The Louvins’ tribute to the Delmore Brothers turned out to be nothing short of a masterpiece: a respectful ode to the sincerity and precision of the Delmores’ classic recordings. Their versions of “Southern Moon,” “Brown’s Ferry Blues” and “Lay Down My Old Guitar” are stunning. It’s moving to listen to Ira and Charlie bend their voices to the tidier style of the Delmores’ soft delivery. The songs are a balance of careful craftsmanship and the Louvins’ signature passionate harmonies. A labor of love, no doubt. I can’t imagine that Alton Delmore himself was not moved beyond words.

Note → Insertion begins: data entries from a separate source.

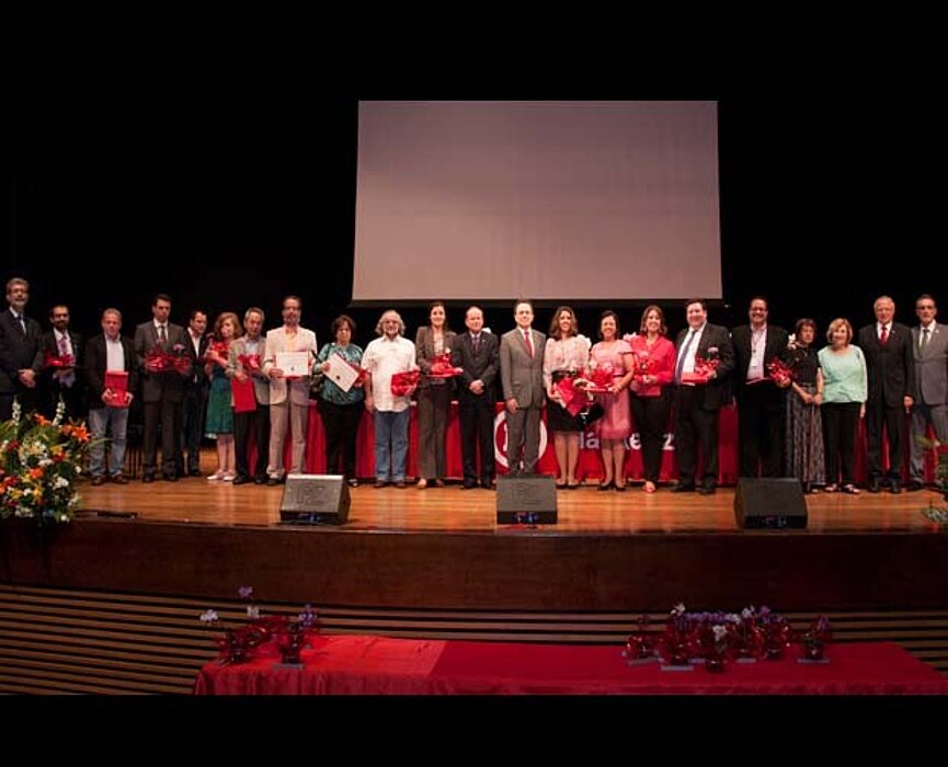 Na foto: Os professores premiados e as autoridades do Instituto e da Universidade.
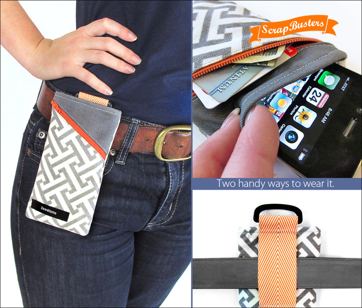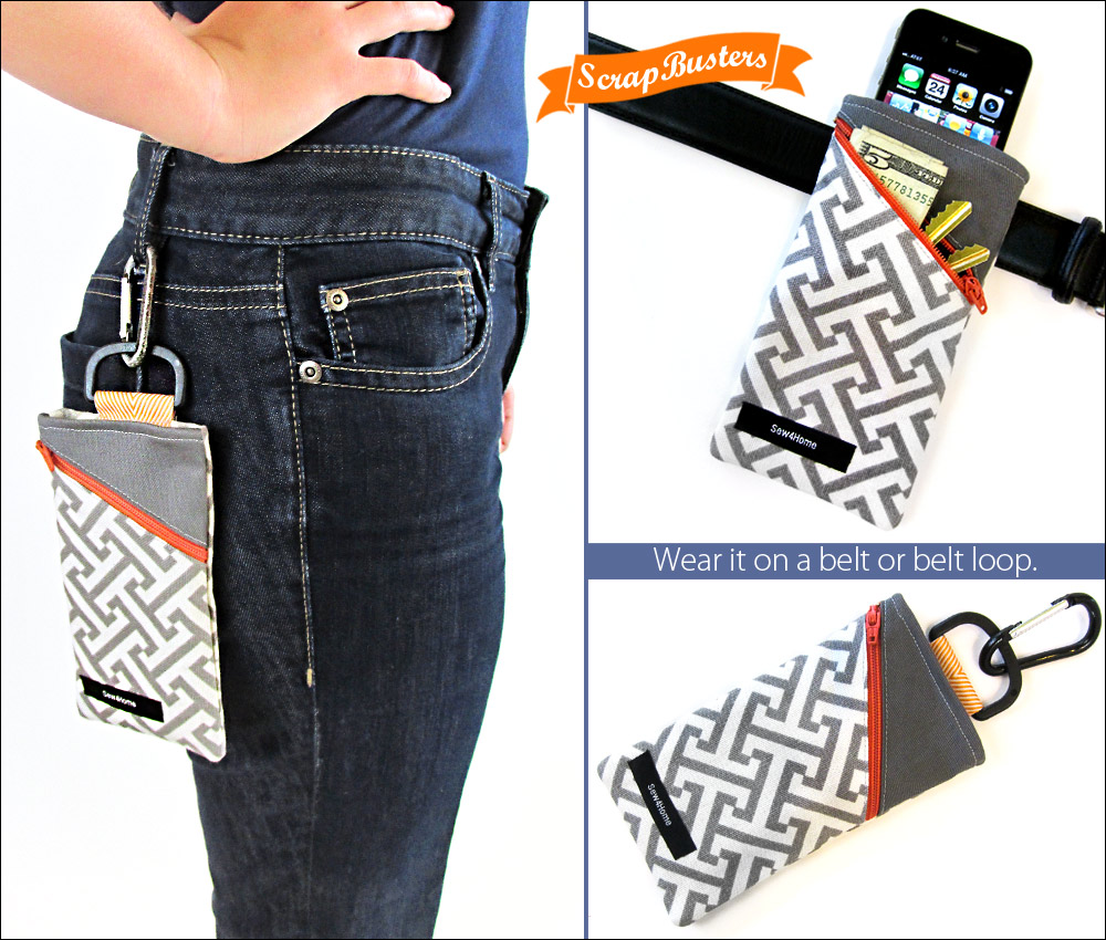 The pouch finishes at approximately 6½” x 3½”, which is a good size for most many smart phones, but some newer phones have gotten rather large. If you have a larger model, an especially bulky case, or a different brand, you may need to adjust the length and width for your best fit. Making a little paper prototype can be an effective way to test sizing.
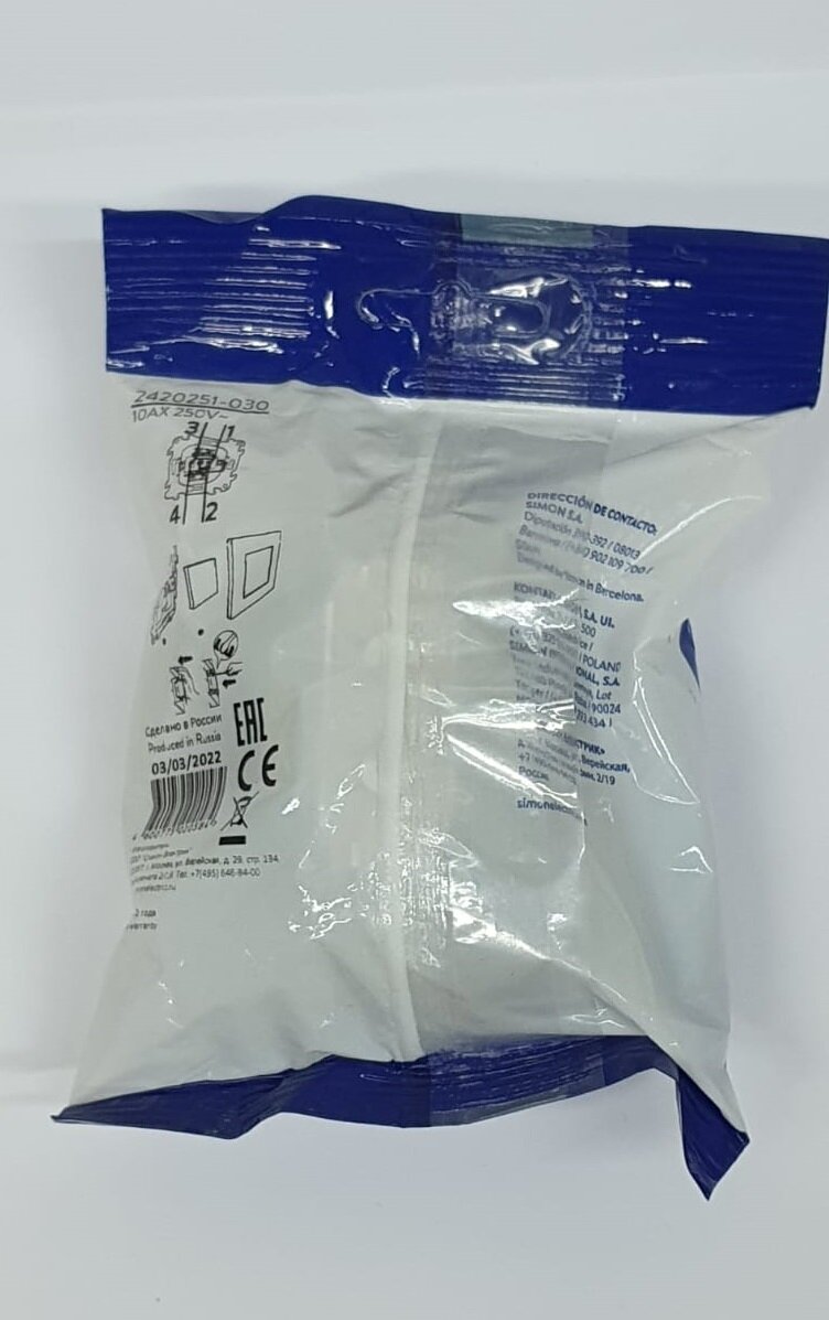 Механизм выключателя проходного 1-кл. 1п 2мод. СП Simon 24 10А IP20 Push&Go бел. Simon 2420251-030 (4шт.в упак.)
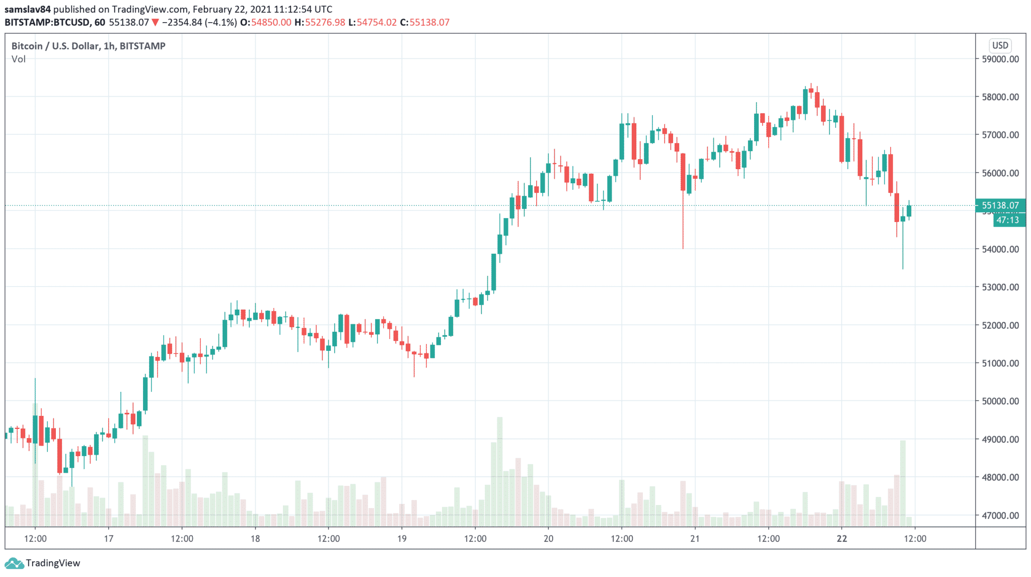 Trh s kryptomenami včera večer zaznamenal celkom slušnú korekciu. Po tom, čo Bitcoin dosiahol nové historické maximum na cene 58 339 $ (Bitstamp) v priebehu štrnástich hodín klesol o viac než 4500 $. Odrazil sa až pred hodinou na cene 54 466 USD. Posledná hodinová svieca má vysoký tieň, čo naznačuje, že iniciatívu aspoň nateraz prevzali býci.
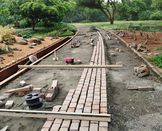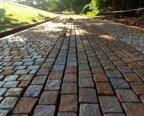 The Gardens of the Park of Unity are encircled by an Oval Road which is being clad with granite grey and red cobblestones. The Oval Road is 1.1 kilometer long. The section between the East and West Pathways to the North has already been paved. Work began in June 2025 to clad the Eastern section. Altogether about 520 meters remain to be clad
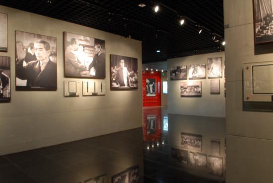 主馆分为三层,一层展厅共分八个部分,通过丰富翔实的文献史料和珍贵的文物图片以及5台电视显示屏,展现了周恩来光辉的一生。二层瞻仰厅置放着周恩来坐像。这尊汉白玉塑像高3.2米,基座高1.5米,展现的是周恩来总理手握长卷,微笑凝视着前方的伟人形象。
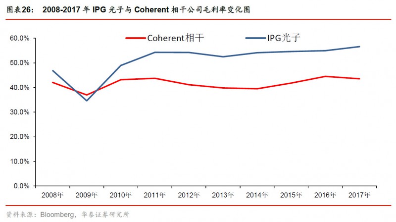 國內廠商已掌握大部分器件制造技術,但光纖介質、高功率激光芯片和光纖光柵核心元器件仍依賴進口,除此之外的核心元器件技術已被掌握,而國外激光器龍頭IPG光子、Coherent依靠全產業鏈整合實現產品低成本和性能高穩定性。目前國內廠商毛利率水平較高,核心元器件若進一步國產化有望為國內廠商業績提供充足支撐。
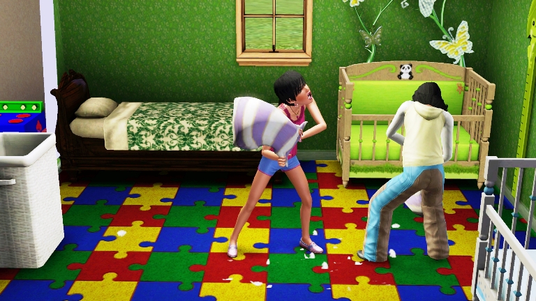Shantell Betts came home with Tammy after school. After doing their homework, they let off some steam by having a pillow fight in the nursery.
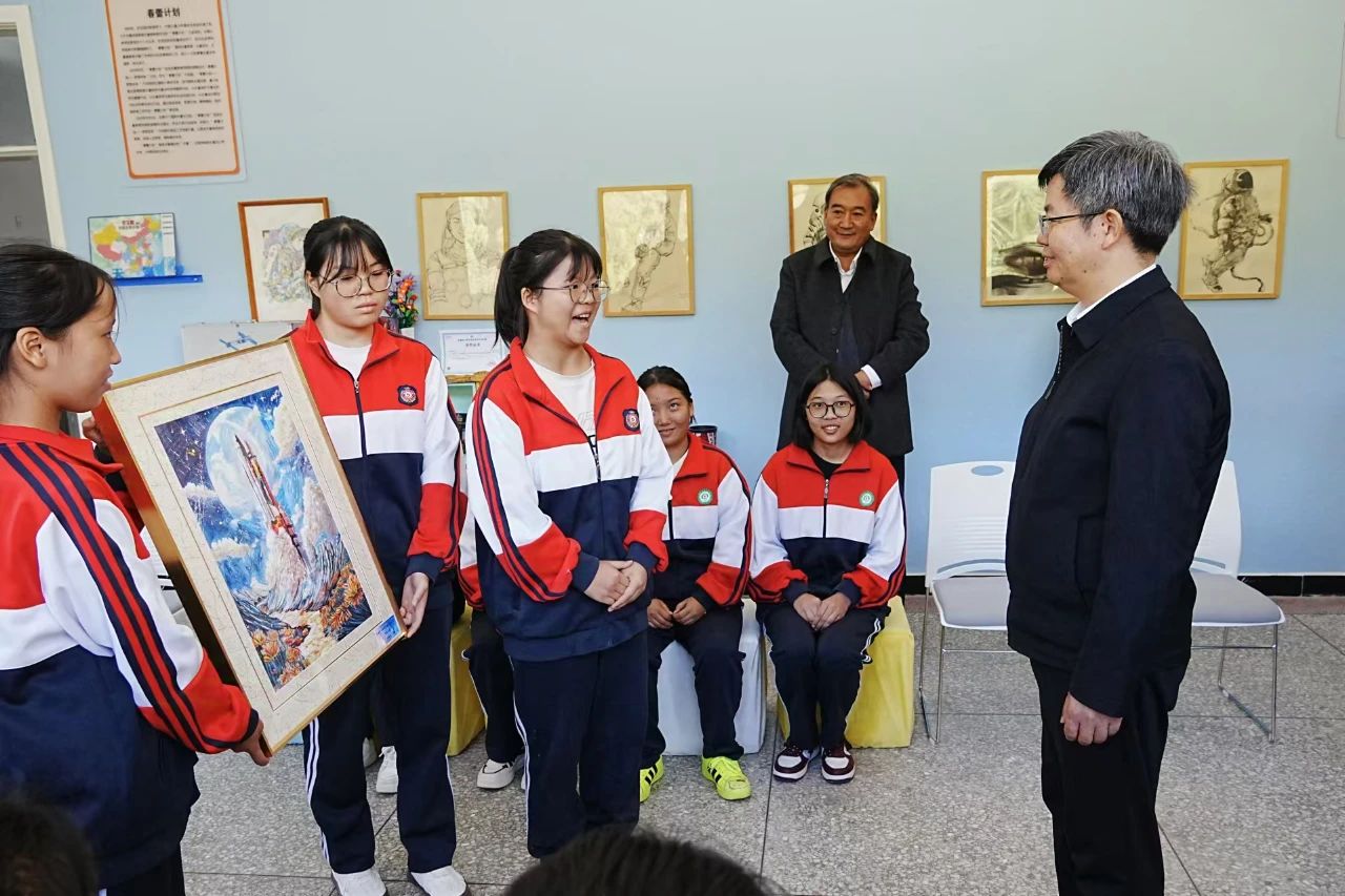 “春蕾計劃助學金給我的家庭緩解了壓力,今年夏天還有幸去了北京參加研學”,“在研學中了解了導彈和航天器的發展,航天人自強不息、迎難而上的精神讓我印象深刻,這給我高三的學習生活帶來力量”……在航天·筑夢女童成長空間站,春蕾女童分享了自己的心得和感悟,并將代表自己心意與祝福的航天主題繪畫作品贈送給航天科工。

I was sad to wind up my afternoon with Charlie; he was a very engaging and gregarious host. And despite our exciting discussion, he was no less a mystery to me. There’s a funny thing that happens when you are a living legend and a regular guy: I think it’s hard to describe the intent of your music beyond desire, or to feel how important your contribution is. I’m not talking about the false veneer of fame, but the satisfaction that you’ve made your mark and that your music will be enjoyed and respected long after you’re gone. I asked Charlie about this feeling. He tried to describe it, but just looked kind of wondrous. I think it might be too fleeting and peripheral a feeling to describe with words. Only music will do. Thanks Charlie.